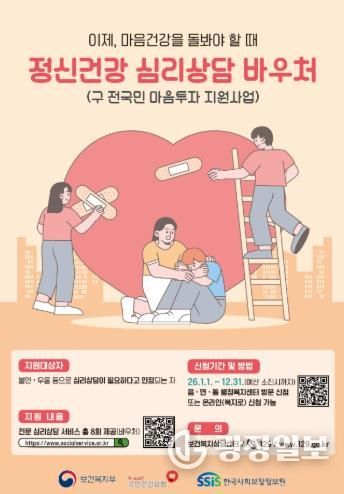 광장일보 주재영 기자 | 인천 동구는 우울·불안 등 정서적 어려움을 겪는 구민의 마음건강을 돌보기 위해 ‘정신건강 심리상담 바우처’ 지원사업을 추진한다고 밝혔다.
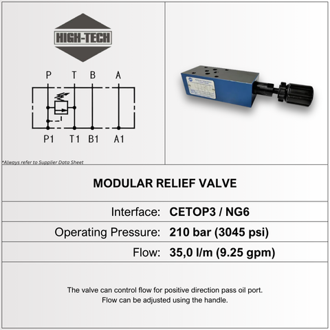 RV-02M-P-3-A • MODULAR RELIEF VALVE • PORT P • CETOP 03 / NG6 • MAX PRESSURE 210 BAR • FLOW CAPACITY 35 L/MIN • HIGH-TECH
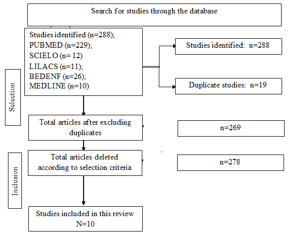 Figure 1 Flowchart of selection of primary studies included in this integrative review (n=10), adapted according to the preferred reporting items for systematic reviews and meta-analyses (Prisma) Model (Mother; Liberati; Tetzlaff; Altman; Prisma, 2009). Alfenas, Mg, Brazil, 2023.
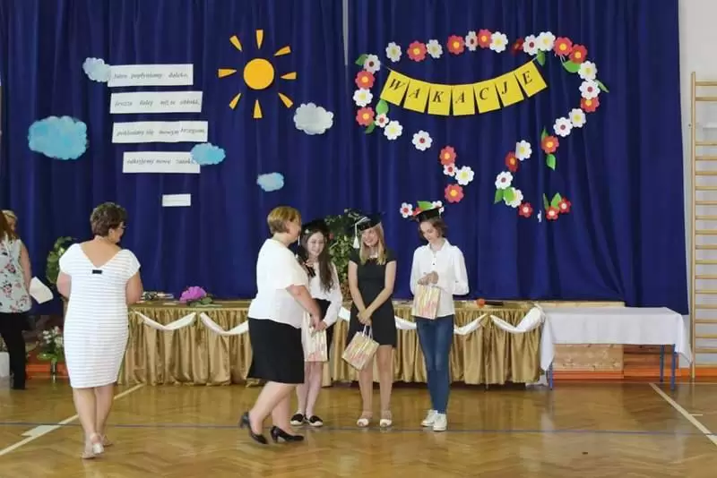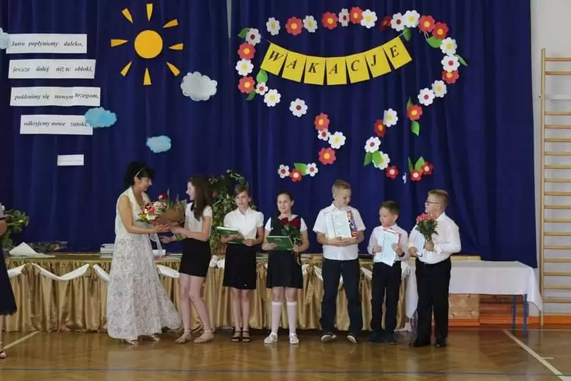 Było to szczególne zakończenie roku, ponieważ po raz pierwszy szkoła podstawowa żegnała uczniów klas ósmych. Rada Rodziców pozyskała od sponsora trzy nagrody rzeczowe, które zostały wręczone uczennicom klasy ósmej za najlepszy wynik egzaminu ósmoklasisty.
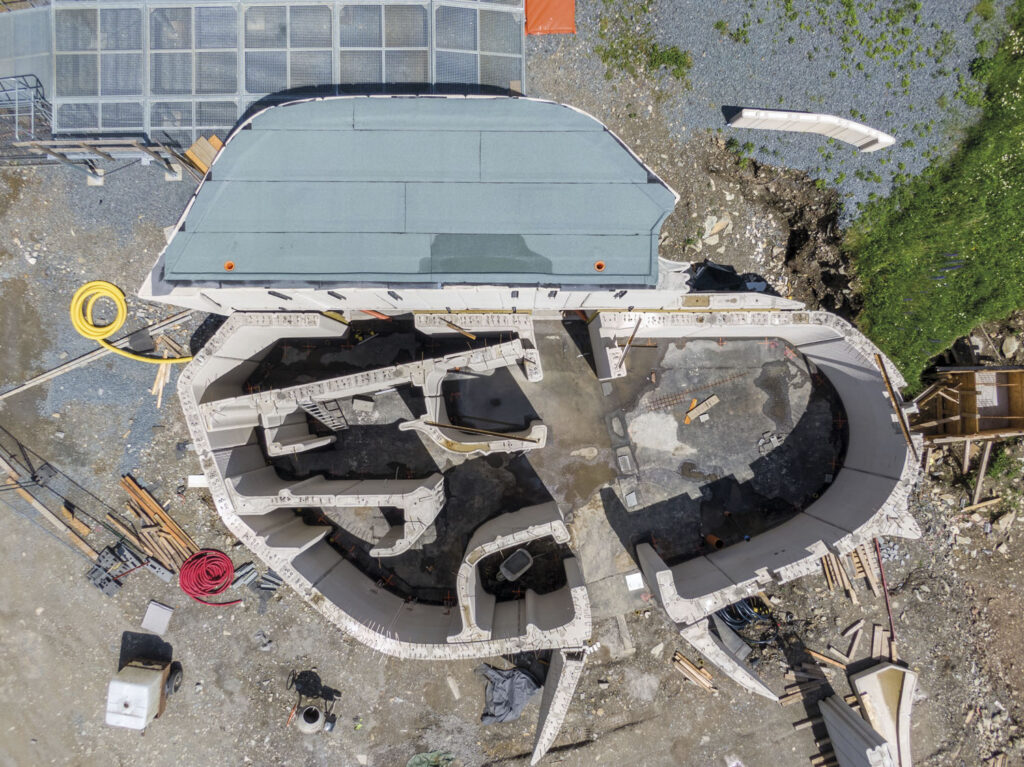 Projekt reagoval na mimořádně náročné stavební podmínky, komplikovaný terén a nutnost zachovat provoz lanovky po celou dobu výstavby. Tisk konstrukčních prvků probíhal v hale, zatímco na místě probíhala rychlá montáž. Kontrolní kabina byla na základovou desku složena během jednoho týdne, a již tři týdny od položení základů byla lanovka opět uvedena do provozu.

---

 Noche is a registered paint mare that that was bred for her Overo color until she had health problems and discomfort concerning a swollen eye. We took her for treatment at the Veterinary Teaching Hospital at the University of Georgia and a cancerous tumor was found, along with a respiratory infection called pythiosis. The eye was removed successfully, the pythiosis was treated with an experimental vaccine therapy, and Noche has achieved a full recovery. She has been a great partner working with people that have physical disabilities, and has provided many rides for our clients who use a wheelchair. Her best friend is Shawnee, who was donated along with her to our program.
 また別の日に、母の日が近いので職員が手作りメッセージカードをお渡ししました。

---

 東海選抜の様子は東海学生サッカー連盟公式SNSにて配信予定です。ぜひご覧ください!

» **Work to complete**
Starting at the line above that contains "Noche is a registered", write out each line exactly until the line that contains "また別の日に、母の日が近いので職員が手作りメッセージカードをお渡ししました。" has been written, and stop there.

» **Answer to the problem**
 Noche is a registered paint mare that that was bred for her Overo color until she had health problems and discomfort concerning a swollen eye. We took her for treatment at the Veterinary Teaching Hospital at the University of Georgia and a cancerous tumor was found, along with a respiratory infection called pythiosis. The eye was removed successfully, the pythiosis was treated with an experimental vaccine therapy, and Noche has achieved a full recovery. She has been a great partner working with people that have physical disabilities, and has provided many rides for our clients who use a wheelchair. Her best friend is Shawnee, who was donated along with her to our program.
 また別の日に、母の日が近いので職員が手作りメッセージカードをお渡ししました。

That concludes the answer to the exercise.